Schematic of a Generative Adversarial Networks (GAN). A GAN consists of two components: the generator and the discriminator. The generator tries to generate data samples that follow the true data distribution, while the discriminator’s role is to differentiate between real and generated data samples. Via the loss function, the generator and discriminator are trained in an adversarial manner. Own drawing.

GANs consist of two principal components: the generator and the discriminator. The generator tries to generate data samples that follow the true data distribution, while the discriminator’s role is to differentiate between real and generated data samples.

The loss function in GANs is defined based on the game-theoretic concept of a two-player minimax gameꜛ. The generator aims to minimize the function, whereas the discriminator strives to maximize it. Let $G$ be the generator and $D$ the discriminator. The value function $V(G, D)$ for the minimax game is as follows:

\[\min_G \max_D V(D, G) = E_{x\sim p_data(x)}[\log D(x)]\] \[+ E_{z\sim p_z(z)}[\log(1 - D(G(z)))]\]
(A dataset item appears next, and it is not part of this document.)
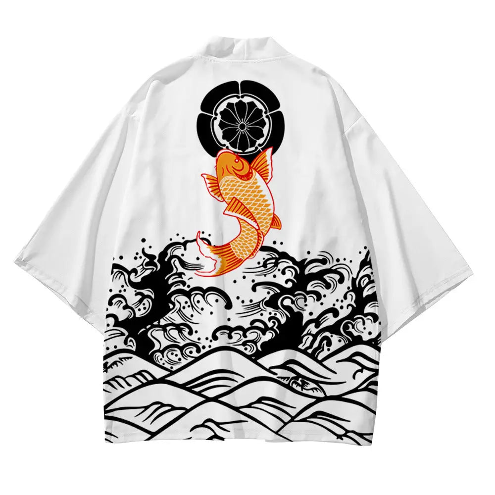 The Haori is not just clothing; it's a piece of culture. Originating from the Edo period, this traditional Japanese garment represents elegance and history. The koi fish is deeply rooted in Japanese folklore, symbolizing perseverance and courage, making this Haori a meaningful addition to your wardrobe.

Here, the first term of the value function represents the expected value of the log-probability of the discriminator correctly classifying a real sample. The second term indicates the expected value of the log-probability of the discriminator incorrectly classifying a sample from the generator.

Issues with GANs

Despite the theoretical elegance and practical success of GANs, they are prone to some issues:

Mode collapse: This phenomenon occurs when the generator produces limited varieties of samples, thereby failing to capture the diversity of the real data distribution. If you want to learn more about, I recommend reading the post Mode Collapse and WGANsꜛ by Kun Ouyang, which provide a more in-depth discussion.
Vanishing gradients: During the training process, the discriminator may become so efficient that it perfectly classifies the real and fake samples, causing the gradients that update the generator to vanish. This situation hinders further learning. The Wikipedia article on the Vanishing gradient problemꜛ from Wikipedia provides a good overview of this issue.

Wasserstein GANs

To mitigate the issues related to GANs, Arjovsky et al.ꜛ introduced Wasserstein GANs (WGANs) in 2017. WGANs leverage the concept of the Earth Mover’s (Wasserstein) distance to measure the distance between the real and generated distributions.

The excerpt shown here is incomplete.